The couple’s routine changed on May 28 when a co-worker told Eriz that their Volkswagen Golf SportWagen was the same that police had identified as the suspects’ car in the recent road rage incident, according to the court documents.
Eriz told investigators that he then found the story about Aiden’s death on the internet and “‘immediately’ knew he was responsible for the boy’s death,” the court documents said.
He hid the vehicle in the garage of one of his relatives in Whittier. Then the couple began to drive Eriz’s red truck to work, lying to family members about the Volkswagen, court documents said.

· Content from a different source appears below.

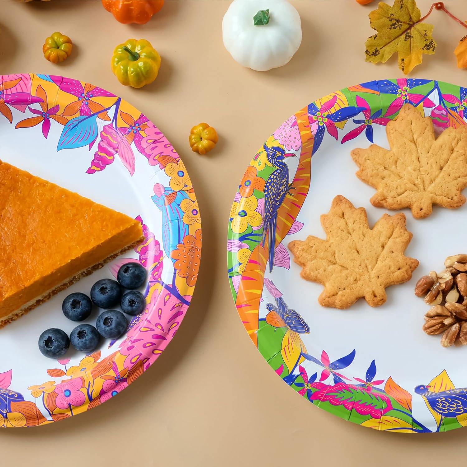 MUCHII 10 Inch Paper Plates 120 Count, Elegant Floral Bird Design Disposable Floral Plates for Wedding, Party, Dinner, Holiday - 4 Vintage Colors (30 Each)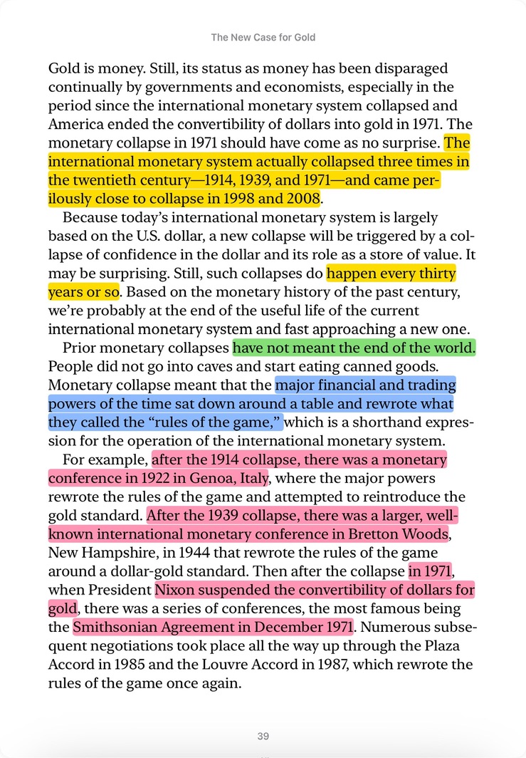 >>61819417>doesn't mean a small piece is worth a houseI don't understand what this has to do with what I typed out.>That's not how a normal market worksWe don't have a normal market now and we haven't had one the entire time any of us here have been alive... We're experiencing the beginning phases of an international monetary collapse.We've had multiple international monetary collapses over the past 100 years. We narrowly avoided one in 2008 and 2020 by kicking the can down the road.These kinds of events happen frequently enough, that it is not unwise to make plans for such an occasion. Things are becoming increasingly more precarious both economically and geopolitically.If you take nothing else away from this conversation then please just understand that these events do happen, and when they do, the people who hold physical metals typically endure these kinds of events better than those who don't. If I'm making any real argument here its that none of the shit we're buying is a bad investment given the current global financial situation, and I think that the main argument that most of us here make is that everyone else should be more financially cautious, and (counterparty) risk averse. If none of that shit matters or if sound money principals don't mean anything to you then idk why you're even here. If you're not buying and I'm not selling then we're just at an impasse until either you or I can't afford to pay our bills, and just based on our interactions here I'm pretty sure (and most of the people here would probably agree with me) that it's going to be you.

After learning of Aiden’s death, the documents said, Eriz and Lee began to look for new jobs. Eriz texted his old boss at a Corona auto body shop, which he had reportedly left in January, asking for his job back, according to a KCBS-TV Channel 2 report.
On June 3, Eriz shaved his beard and began to wear his hair tied back, the court documents said.
Raised in Weaverville, near Redding, Eriz often shared content on social media about cars and guns, and owned several firearms, including the Glock, an AR and a revolver. He posted several pictures and videos of himself shooting an array of assault-style rifles and pistols outdoors and at a shooting range — evidence that he was a skilled marksman, prosecutors said.
Lee grew up in the San Gabriel Valley, where she graduated early from high school, danced and spoke about teen mental health after a difficult battle with depression, according to a 2015 profile by Kaiser Health News.
“Although Ms. Lee was not the actual shooter in this case, she is still a danger to the public because she assisted Defendant Eriz after he committed his crimes,” the court document said.